---------- Provided records ----------
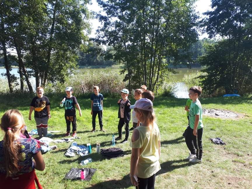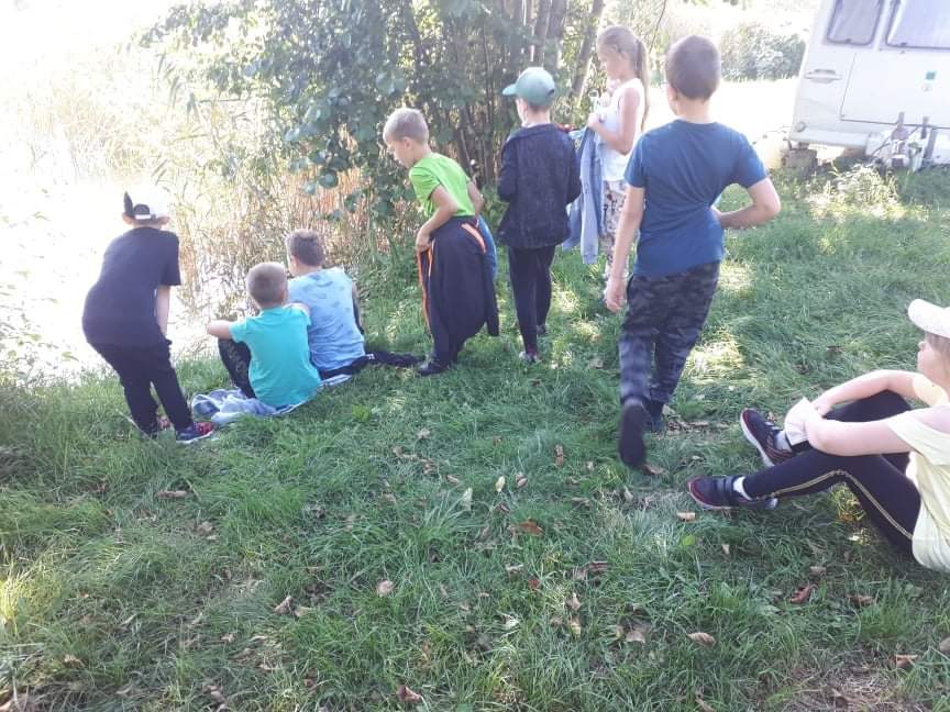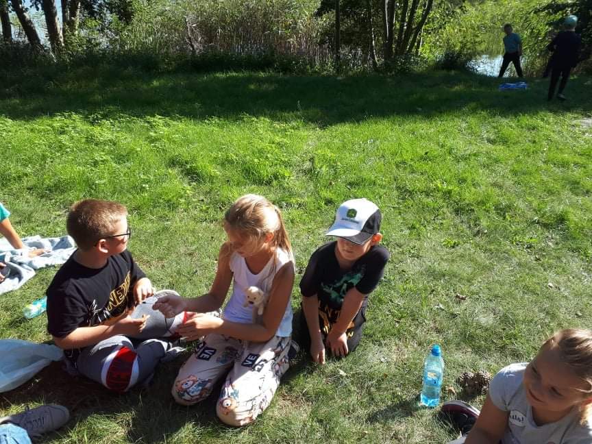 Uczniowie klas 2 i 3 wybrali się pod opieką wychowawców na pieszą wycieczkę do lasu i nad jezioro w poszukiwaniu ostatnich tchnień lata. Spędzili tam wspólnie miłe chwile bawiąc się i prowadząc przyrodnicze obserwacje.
----------
---------- Provided records ----------
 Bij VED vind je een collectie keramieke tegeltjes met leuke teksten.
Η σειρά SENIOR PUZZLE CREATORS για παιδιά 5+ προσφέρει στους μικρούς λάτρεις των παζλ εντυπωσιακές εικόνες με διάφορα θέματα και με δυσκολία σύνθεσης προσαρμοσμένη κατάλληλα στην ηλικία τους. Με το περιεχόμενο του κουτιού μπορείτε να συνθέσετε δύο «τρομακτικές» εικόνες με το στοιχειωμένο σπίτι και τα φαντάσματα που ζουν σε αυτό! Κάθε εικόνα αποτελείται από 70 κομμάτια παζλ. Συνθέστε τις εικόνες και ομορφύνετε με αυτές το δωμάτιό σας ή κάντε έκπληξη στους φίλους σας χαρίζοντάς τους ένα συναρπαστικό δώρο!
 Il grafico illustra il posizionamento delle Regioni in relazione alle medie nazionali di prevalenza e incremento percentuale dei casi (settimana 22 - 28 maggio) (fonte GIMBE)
----------
What is expected = Return, unchanged, the run of lines above that opens with the line containing "Bij VED vind" and closes with the line containing "Il grafico illustra". Include both.

Written solution =
 Bij VED vind je een collectie keramieke tegeltjes met leuke teksten.
Η σειρά SENIOR PUZZLE CREATORS για παιδιά 5+ προσφέρει στους μικρούς λάτρεις των παζλ εντυπωσιακές εικόνες με διάφορα θέματα και με δυσκολία σύνθεσης προσαρμοσμένη κατάλληλα στην ηλικία τους. Με το περιεχόμενο του κουτιού μπορείτε να συνθέσετε δύο «τρομακτικές» εικόνες με το στοιχειωμένο σπίτι και τα φαντάσματα που ζουν σε αυτό! Κάθε εικόνα αποτελείται από 70 κομμάτια παζλ. Συνθέστε τις εικόνες και ομορφύνετε με αυτές το δωμάτιό σας ή κάντε έκπληξη στους φίλους σας χαρίζοντάς τους ένα συναρπαστικό δώρο!
 Il grafico illustra il posizionamento delle Regioni in relazione alle medie nazionali di prevalenza e incremento percentuale dei casi (settimana 22 - 28 maggio) (fonte GIMBE)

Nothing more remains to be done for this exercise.